- Entries provided:
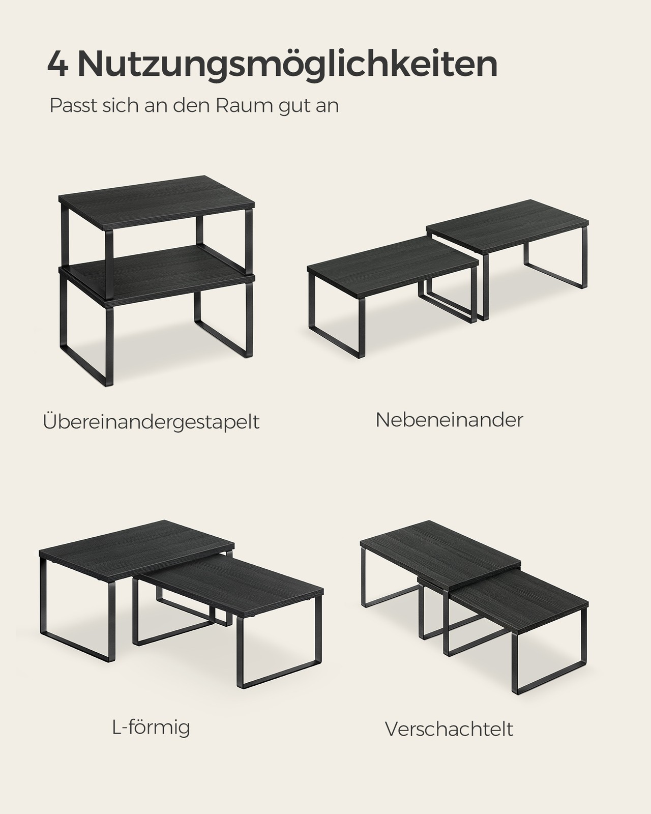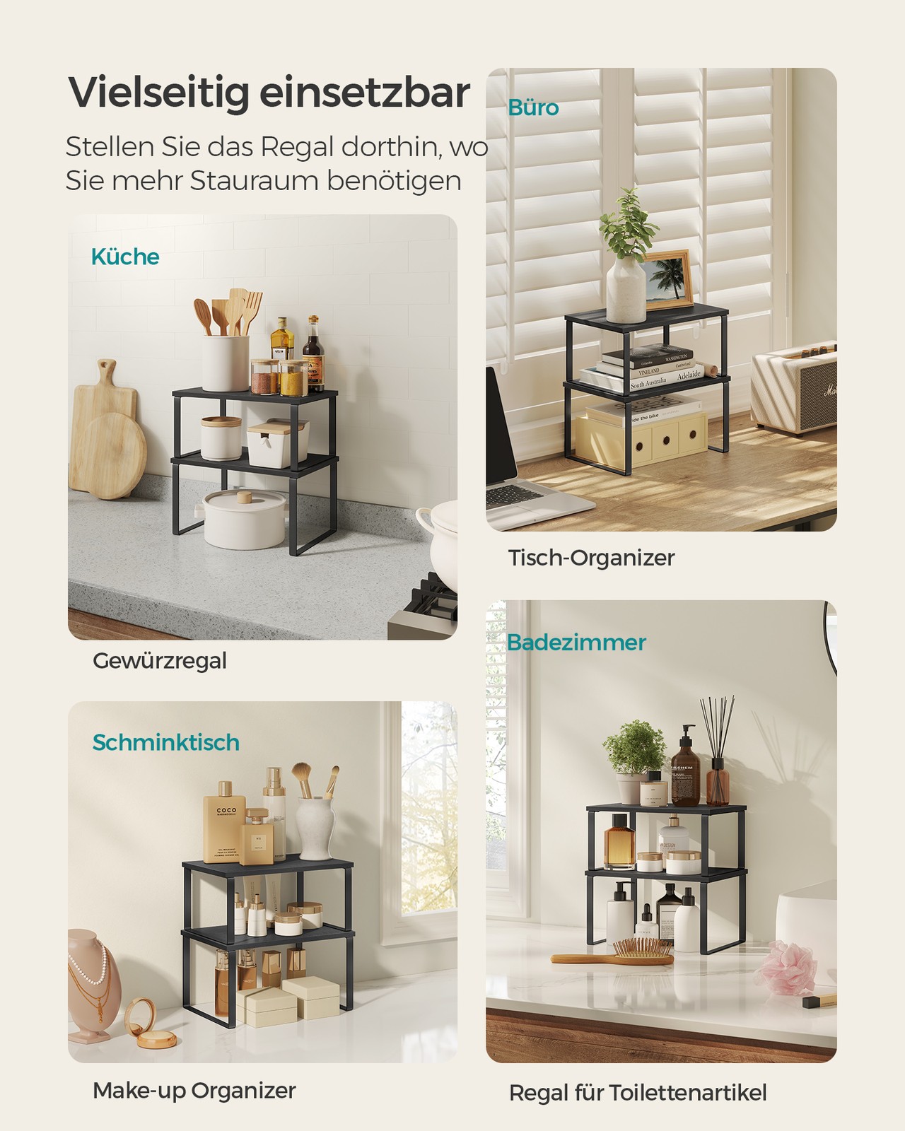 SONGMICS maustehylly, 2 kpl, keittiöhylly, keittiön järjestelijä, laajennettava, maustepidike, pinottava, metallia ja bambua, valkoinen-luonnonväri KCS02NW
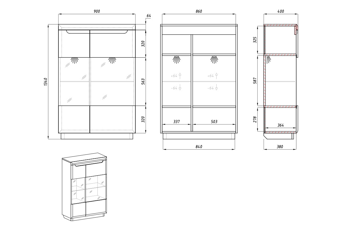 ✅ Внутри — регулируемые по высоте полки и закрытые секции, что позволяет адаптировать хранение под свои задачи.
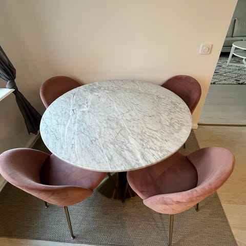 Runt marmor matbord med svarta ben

---

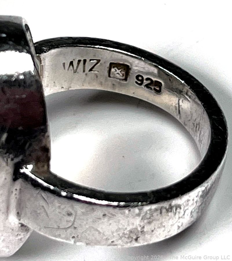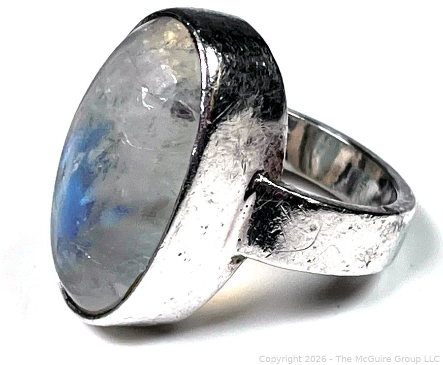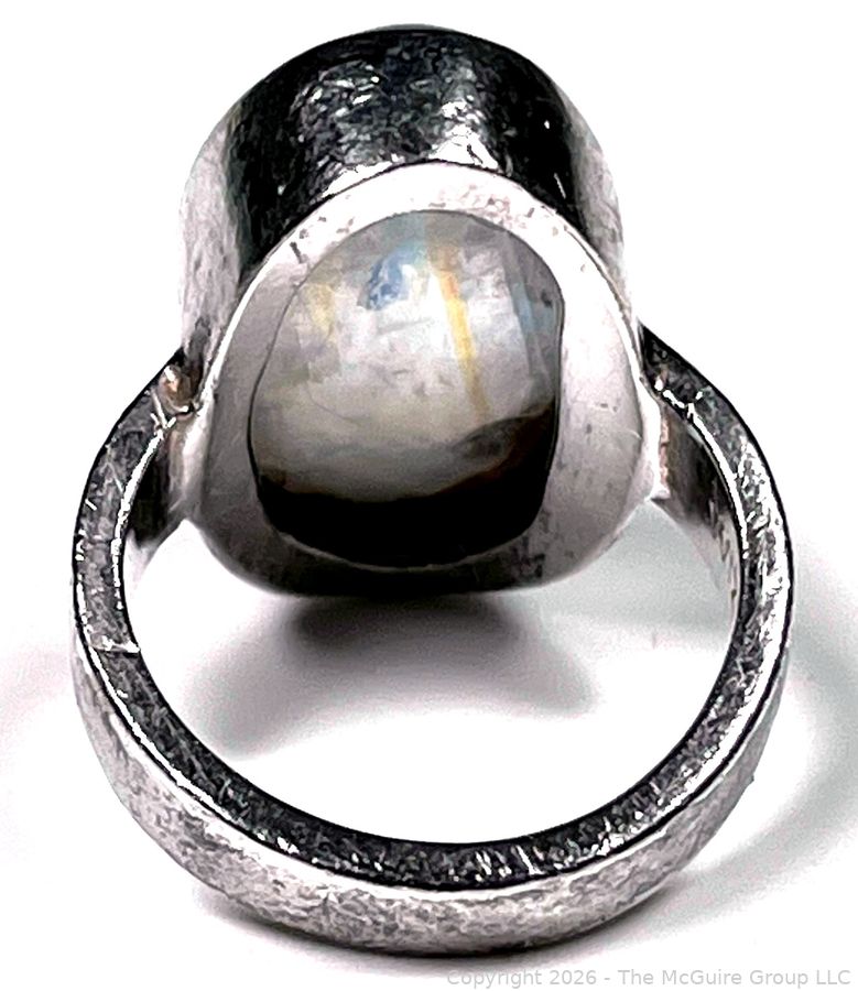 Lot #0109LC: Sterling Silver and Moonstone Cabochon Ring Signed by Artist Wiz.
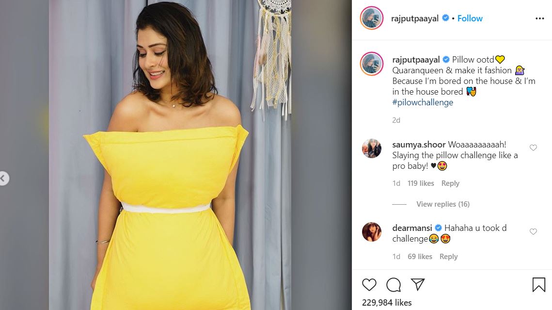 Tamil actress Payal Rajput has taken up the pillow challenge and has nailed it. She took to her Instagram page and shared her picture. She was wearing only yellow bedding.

--

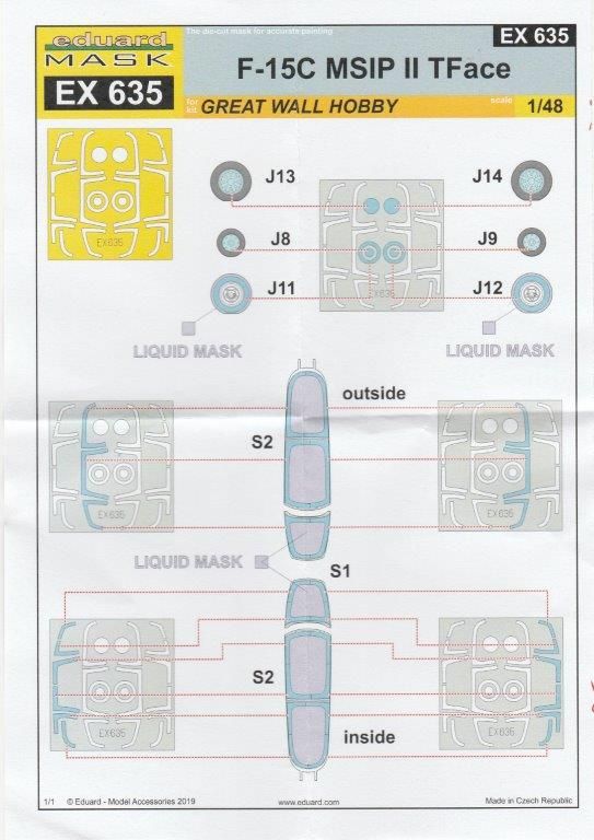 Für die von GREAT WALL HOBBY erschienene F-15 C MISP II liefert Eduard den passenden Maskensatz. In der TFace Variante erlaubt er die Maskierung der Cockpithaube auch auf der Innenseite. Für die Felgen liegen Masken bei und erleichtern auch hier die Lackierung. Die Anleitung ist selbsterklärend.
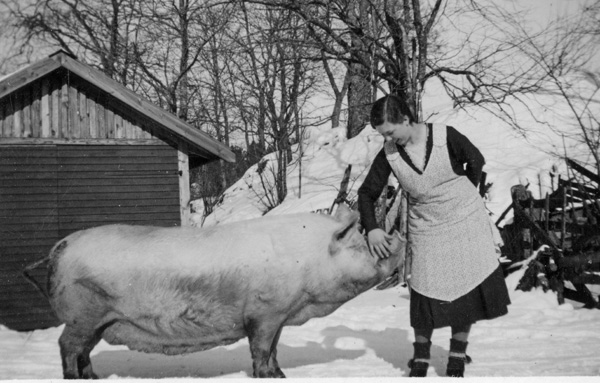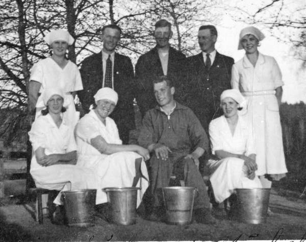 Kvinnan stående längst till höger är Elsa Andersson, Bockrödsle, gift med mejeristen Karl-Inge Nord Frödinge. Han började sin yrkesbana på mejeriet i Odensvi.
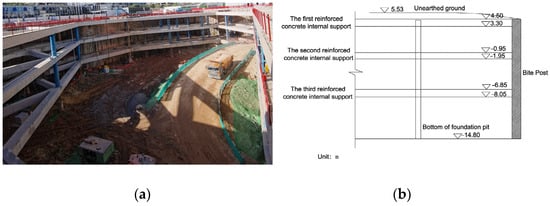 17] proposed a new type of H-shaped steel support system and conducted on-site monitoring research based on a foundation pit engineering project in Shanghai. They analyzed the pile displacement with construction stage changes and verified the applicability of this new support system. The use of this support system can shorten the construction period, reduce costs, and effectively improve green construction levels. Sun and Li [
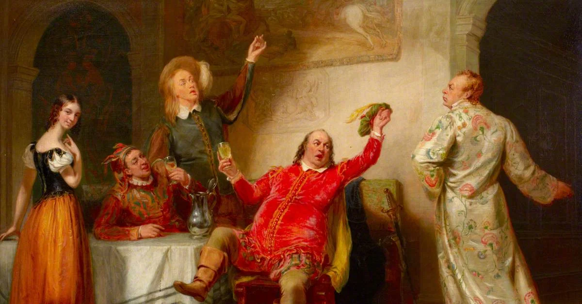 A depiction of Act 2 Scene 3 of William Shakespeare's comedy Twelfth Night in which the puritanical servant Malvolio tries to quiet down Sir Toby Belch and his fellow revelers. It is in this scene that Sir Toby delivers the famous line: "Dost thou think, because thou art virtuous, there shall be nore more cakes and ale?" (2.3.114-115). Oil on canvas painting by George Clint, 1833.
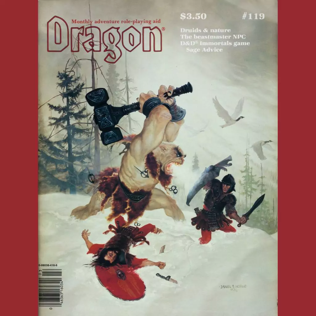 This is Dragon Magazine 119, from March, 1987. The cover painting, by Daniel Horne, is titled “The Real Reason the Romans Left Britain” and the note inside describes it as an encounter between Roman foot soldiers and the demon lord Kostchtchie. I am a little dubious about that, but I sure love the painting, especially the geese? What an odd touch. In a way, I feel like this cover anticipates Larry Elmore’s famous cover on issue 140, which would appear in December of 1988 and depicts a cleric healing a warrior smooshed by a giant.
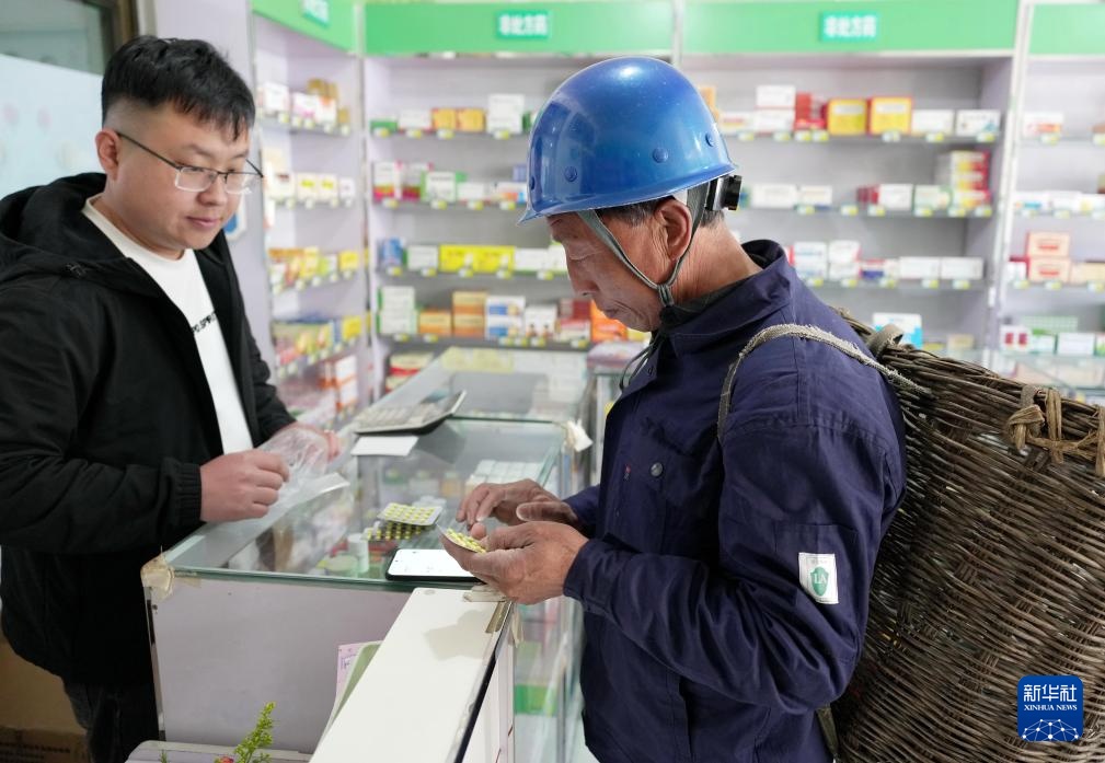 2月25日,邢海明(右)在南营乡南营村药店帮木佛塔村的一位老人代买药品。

- What is required: Starting with the line that has "SONGMICS maustehylly, 2" and ending with the line that has "Runt marmor matbord med svarta ben", repeat the lines above exactly, omitting every picture.

- Answer to the problem:
 SONGMICS maustehylly, 2 kpl, keittiöhylly, keittiön järjestelijä, laajennettava, maustepidike, pinottava, metallia ja bambua, valkoinen-luonnonväri KCS02NW
 ✅ Внутри — регулируемые по высоте полки и закрытые секции, что позволяет адаптировать хранение под свои задачи.
 Runt marmor matbord med svarta ben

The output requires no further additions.